The SEC had for years been reluctant to approve spot bitcoin ETFs, over concerns that the volatility of prices and lack of regulated trading venues would put investors at risk. In August 2023, when a US judge ruled the agency had wrongfully denied an application by asset manager Grayscale to convert its bitcoin trust into a spot ETF, however, the SEC was forced to reconsider its position.

The SEC has now rubber-stamped all eleven pending applications for spot bitcoin ETFs, whose operators will now jostle, says Seoyoung Kim, professor of finance at Santa Clara University's Leavey School of Business, to attract the most investment. The “usual suspects,” she says, with the broadest reach and strongest reputation—the likes of BlackRock—are in prime position. Relationships with these companies could be highly valuable for the intermediaries.

The additional revenue stream could be particularly important for the US-based crypto firms tasked with storing bitcoin for the ETF issuers, who have found themselves in conflict with regulators over their consumer-facing services in the last year. In June, the SEC sued Coinbase, which it accused of operating an unregistered securities exchange in the US. In October, the New York attorney general charged Gemini with participating in a $1.1 billion fraud in relation to a service whereby customers earned interest on crypto deposits. Both companies have denied the charges and will fight them in court. An expansion of their respective custody businesses though could help to offset the prevailing uncertainty over the future of consumer crypto trading in the US, amid the regulatory crackdown.

It would even be possible, says Kim, for the crypto firms now acting only as custodians to move into other areas of the ETF plumbing—as APs, for instance. Coinbase does not rule out the possibility, says Greg Tusar, head of institutional product, but will lean into crypto-specific services. Gemini will evaluate the services it provides as spot bitcoin ETFs mature, according to chief strategy officer Marshall Beard.

As traditional financial institutions grow comfortable with bitcoin’s technical complexities, there is potential they might “cannibalize portions of the market,” including crypto custody, says Austin Reid, head of business at crypto prime brokerage FalconX. In the interim, there are “opportunities for growth,” he says, for companies ready with the necessary crypto expertise to serve ETF issuers.

That opportunity would be multiplied if the new spot bitcoin ETFs begin to spawn variants, says Tejpaul. The ETFs could act as a “giant building block,” he says, on top of which various derivative products could be built, expanding the revenue available for custodians and other intermediaries to grasp.

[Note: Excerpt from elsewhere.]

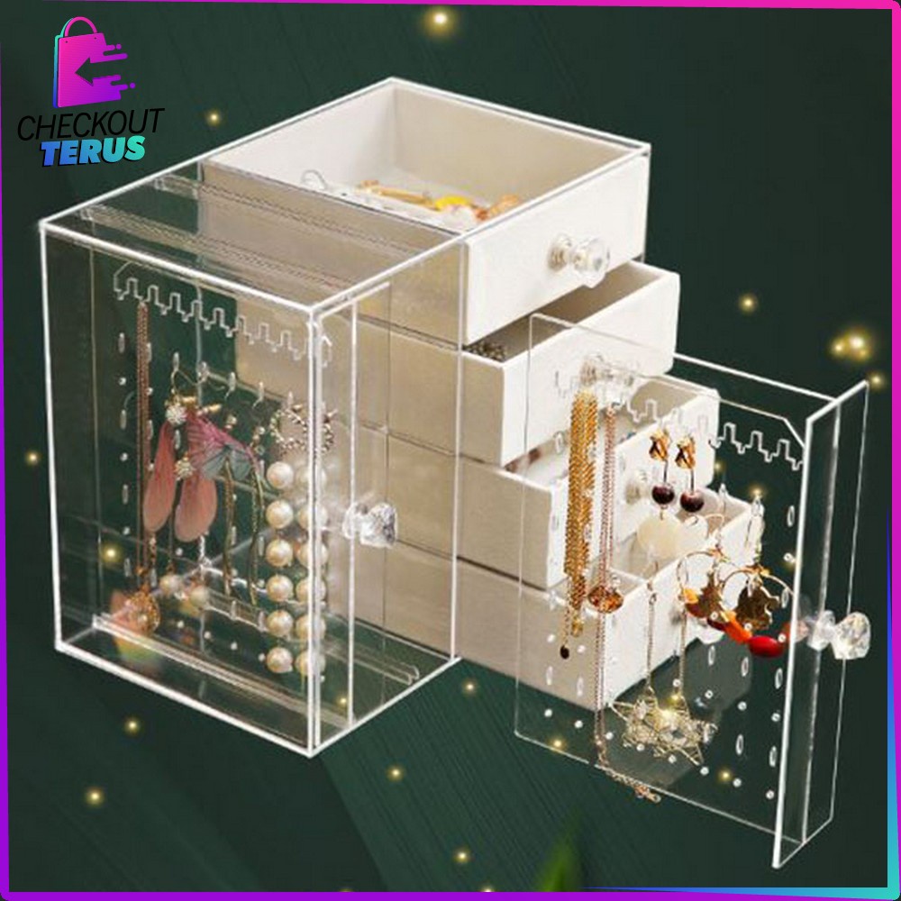 Perlengkapan Rumah > Furniture > Rak & Rak Gantung > CT K136 Kotak Perhiasan Tingkat 4 Laci Rak Acrylic Organizer Anting Cincin Anti Debu soris Kalung Wanita Rak Kosmetik Multifungsi

Beneath these projections, however, is the assumption the spot bitcoin ETFs will succeed. The issuers, says Seyffart, anticipate strong demand for their new ETFs, or else they wouldn’t have queued up to launch them. For the intermediaries, much depends on whether the thesis holds true in practice—whether the ETFs will unlock a wave of pent up demand for bitcoin as the issuers hope.

“This is just the first step,” says Reid. “Then it’s a question of how [the ETFs] scale.”